Did you run the script completely? On the first run of the downloading part it queues up failed downloads to retry them with longer delay, and in my experience all the "content-length" errored videos do get downloaded on the second run.

Script ran completely, the fails were evenly spread across the logs, and all initially failed mp4 ended up with the SKIPPED status on the second pass. I'm not sure what caused this though, maybe twitter doing some throttling or a glitchy load balancing unit?

Retrying the ones that failed, with a longer sleep. 4 tries remaining.

(...)

103 of 103 tested media files are known to be the best-quality available.

Total downloaded: 206.7MB = 0.20GB
Time taken: 3182s

Closing this as it's more feedback than an issue.

It's certainly odd that we get an exception on that line.
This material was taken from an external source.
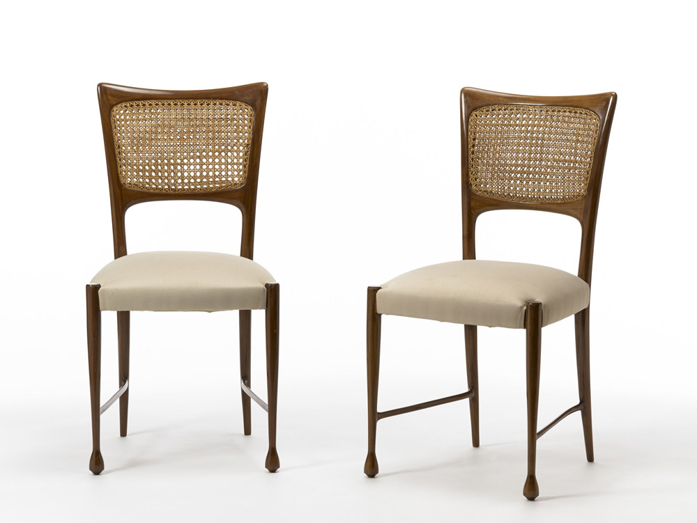 Paolo Buffa (Milano 1903 - 1970) - Coppia di sedie in mogano con schienale incannato e seduta imbottita rivestita in tessuto crème. Esecuzione Marelli & Colico, Cantù, 1954 (cm 46x91x43) Bibliografia: R. Rizzi, M. Marelli, N. Novati, I mobili di Paolo Buffa, Galleria del Design e dell'Arredamento, Cantù 2001, p. 60.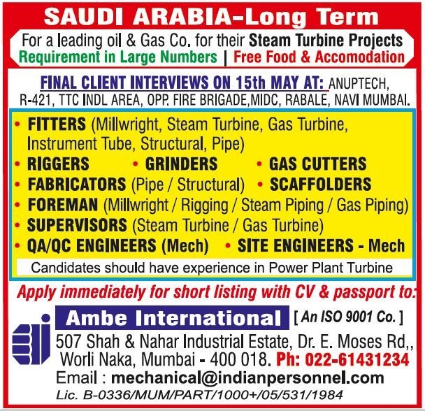 Steam Turbine Project - Recruitment to Saudi Arabia

Worth trying to understand. @press-rouch any ideas?

twitter cache servers appear to send SPDY header to the browser, could that explain the behavioral difference with the python script?
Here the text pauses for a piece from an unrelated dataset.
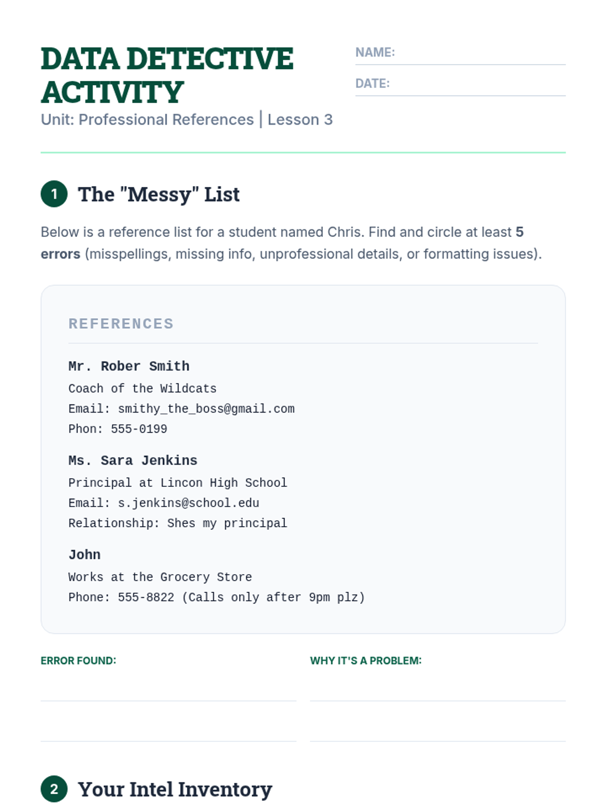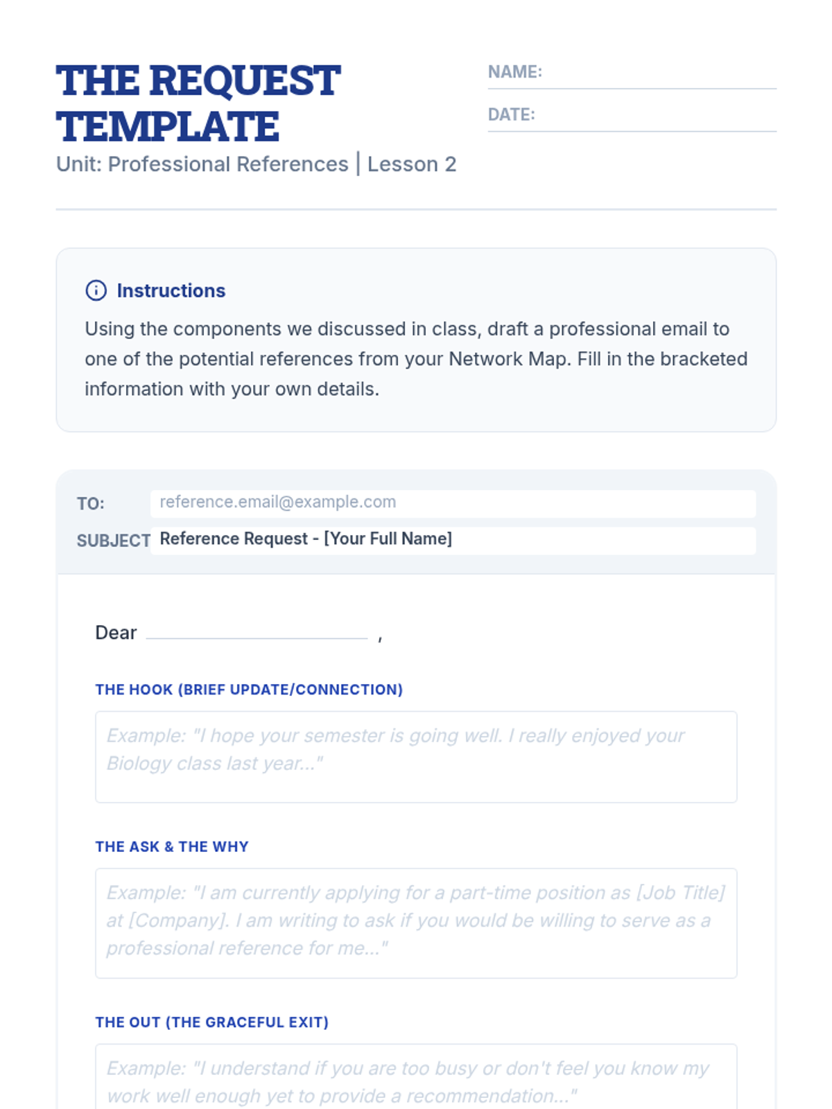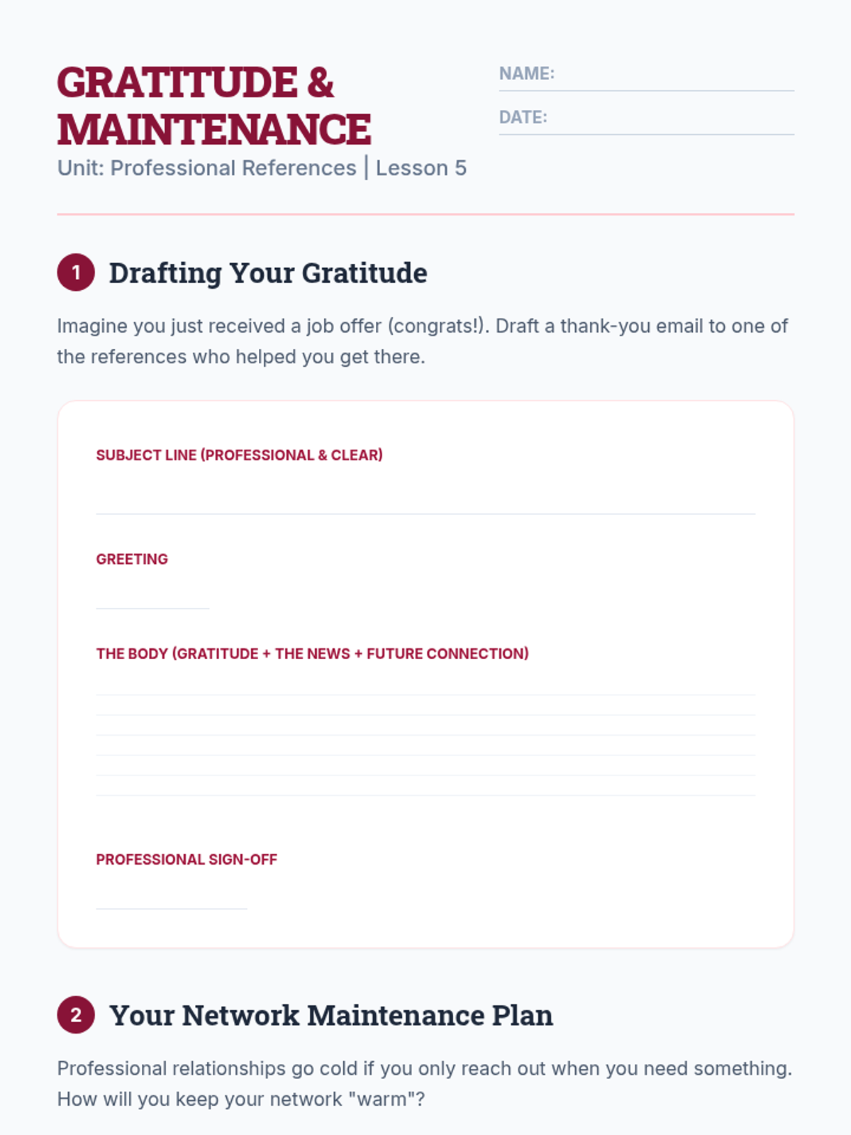 A comprehensive 5-lesson unit for 9th graders on identifying, requesting, and formatting professional references. Students transition from brainstorming their network to producing a polished reference document and learning long-term relationship maintenance.

Huh, weird. I replicated the bug locally, but only the first time I ran it (so it did the retry, matched the content size, and didn't do the download). On subsequent runs it successfully got content-length in the first pass.

I guess we could change that line to a try and then print out the whole header on failure. I hadn't looked at this chunk of code before, I think we could make some improvements:

  • use requests.head to get the size before actually attempting to download it - this would be much faster for the case where it's already correct.
  • not sure what imagesize will do for MP4 files, I think it's always going to skip them. My two videos had the same byte size so it didn't hit that code path though.

D'oh, scratch the head bit - didn't notice it's using stream=True. I've found what happens for an MP4 - it does identify that it hasn't parsed it, but it'll download it regardless of whether the local version is bigger, which seems a bit odd.

It seems that content-length could be missing if it's using Transfer-Encoding:chunked (see this answer). That's deprecated in HTTP/2, but it looks like Python requests still uses HTTP/1.1. My completely unsubstantiated theory is that if a video hasn't been served by Twitter in a while, then it might serve it in chunks, but once it has a warm cache then it can serve the whole thing.

Interestingly, all my 4 mp4 failed with a different error message:

401/406 media/[...].mp4: FAIL. Media couldn't be retrieved from https://video.twimg.com/ext_tw_video/[...].mp4?tag=10 because of exception: HTTPSConnectionPool(host='video.twimg.com', port=443): Read timed out. (read timeout=2)

but then were successfully SKIPPED:

4/  4 media/[...].mp4: SKIPPED. Online version is same byte size, assuming same content. Not downloaded.u/vid/720x1280/[...].mp4?tag=10...